GALP reports a 25% increase in second quarter profits

Galp reported adjusted net income of €373 million in the second quarter of 2025, a 25% increase compared to the same period last year. The result was driven by increased oil and natural gas production in Brazil, as well as the performance of its sales division in international markets. Adjusted EBITDA at replacement cost (RCA) — which excludes the effects of interest, taxes, depreciation, and amortization — reached €840 million, close to the €849 million recorded in the second quarter of 2024.

According to the company, the improved results across all segments offset the decline in oil prices, which impacted the financial performance of the Upstream division, traditionally responsible for a significant portion of the company’s cash generation.

Galp’s investments between April and June totaled €190 million.
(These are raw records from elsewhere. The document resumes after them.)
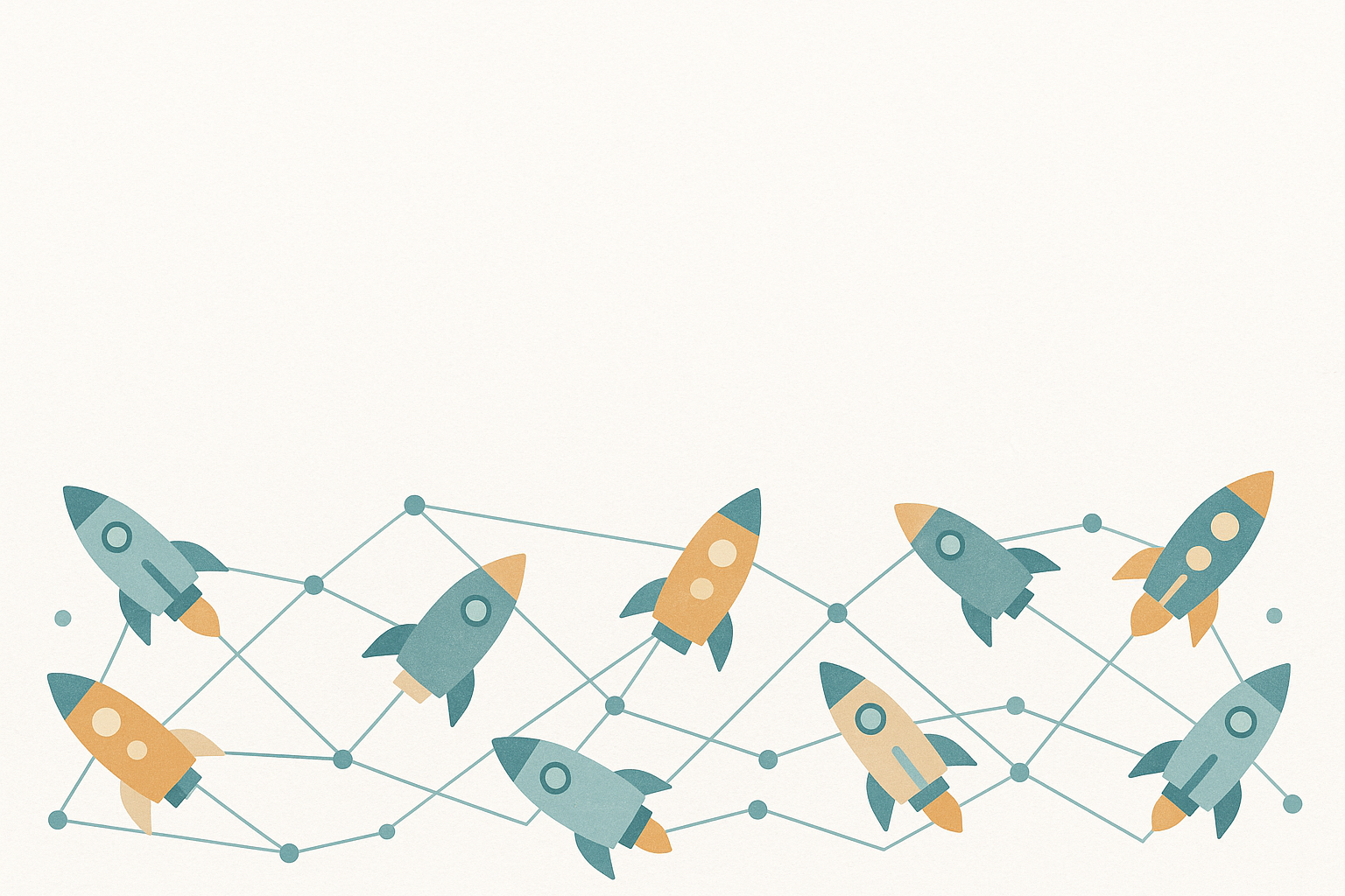 Illustration vectorielle de fusées stylisées en bleu, turquoise et orange pastel, disposées en bas de l'image sur un fond crème. Les fusées sont reliées entre elles par un réseau de lignes et de points géométriques, formant un motif évoquant la connectivité et la technologie. Style plat, minimaliste et moderne, avec une grande zone blanche en haut pour l'ajout de texte ou de message.
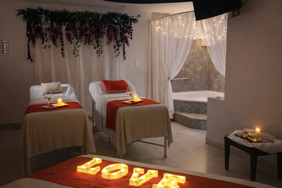 LOVE SPA, una experiencia creada para parejas que desean relajarse, reconectar y vivir un momento verdaderamente especial, ofrecemos una nueva forma de disfrutar el spa en un ambiente íntimo, privado y cuidadosamente diseñado. Durante esta experiencia, ambos disfrutarán de un circuito de relajación profesional que combina tratamientos faciales, masajes corporales, aromaterapia y jacuzzi, finalizando con tiempo exclusivo para ustedes en una habitación romántica especialmente decorada.
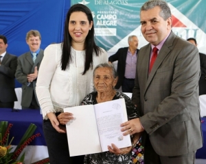 O sonho da aposentada Marina Maria de Jesus, de 100 anos, em ter o documento que comprova a propriedade da casa onde mora há 30 anos, em Campo Alegre, foi concretizado nesta quinta-feira (10), quando ela recebeu o registro do imóvel, gratuitamente, pelo Moradia Legal II, ela e mais 940 pessoas receberam os títulos entregues no município, a moradores da cidade e dos povoados Pimenteira e Chã de Imbira e também do Distrito de Luziápolis.
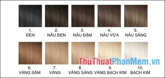 - Số thứ 1: Thể hiện độ đậm nhạt của màu nhuộm tóc.
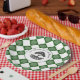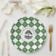 A stylish, round party plate perfect for a golf-themed event at a resort. The plate’s background features a classic green and white argyle pattern, evoking a preppy, golf-inspired look. In the center of the plate, the resort’s logo is prominently displayed, giving it a professional yet celebratory feel. The logo stands out, surrounded by the clean, crisscrossing lines of the argyle, making it a focal point. The plate’s overall design combines elegance with a playful golf theme, setting the tone for a refined yet fun resort gathering.
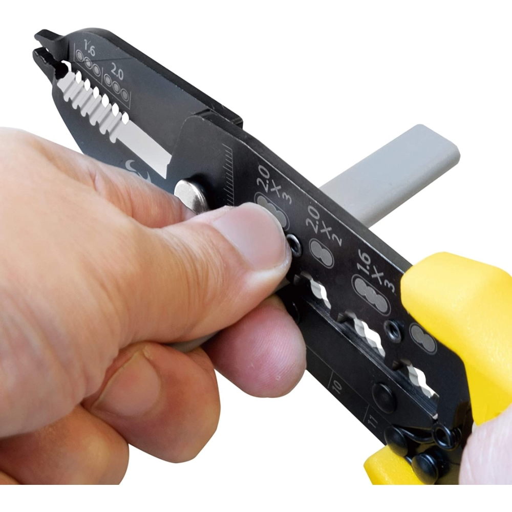・ストリップ補助バネ付で握りを緩めるとバネの反発力で芯線を傷付けにくい適性位置まで刃が開くため、はじめての方でも素早くキレイにストリップ可能です。
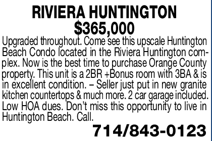 RIVIERA HUNTINGTON $365,000 Upgraded throughout. Come see this upscale Huntington Beach Condo located in the Riviera Huntington complex. Now is the best time to purchase Orange County property. This unit is a 2BR +Bonus room with 3BA & is in excellent condition. – Seller just put in new granite kitchen countertops & much more. 2 car garage included. Low HOA dues. Don’t miss this opportunity to live in Huntington Beach. Call. 714/843-0123 See also

Of this amount, approximately €74 million were allocated to the city of Sines, Portugal, where construction is underway on a 100 MW electrolyzer for low-carbon hydrogen production (one of the largest in Europe) and a new plant for the production of renewable fuels (HVO/SAF), with an estimated start-up date of 2026.

Projects such as the modernization of fueling stations, the expansion of the electric vehicle charging network, and clean energy initiatives accounted for approximately €30 million in investments. The main destination of resources in the quarter was Brazil, which received €81 million for exploration and production projects. Considering the first six months of the year, investments total €484 million.

With the results achieved in the second quarter, Galp adjusted its financial and operational projections for the remainder of the year upwards, despite the weaker dollar. EBITDA is now expected to exceed €2.7 billion—a higher figure than the previous estimate of €2.5 billion. The revision was driven primarily by the start of liquefied natural gas (LNG) deliveries contracted with the US-based Venture Global LNG, which reinforces the positive outlook for the commercialization business in the coming quarters.

Operating cash flow was also revised and is expected to exceed €1.8 billion, compared to the previous projection of €1.6 billion. In terms of production, Galp expects to reach an average of 105,000 to 110,000 barrels of oil and natural gas per day in 2025, exceeding the initial forecast of 105,000 barrels per day.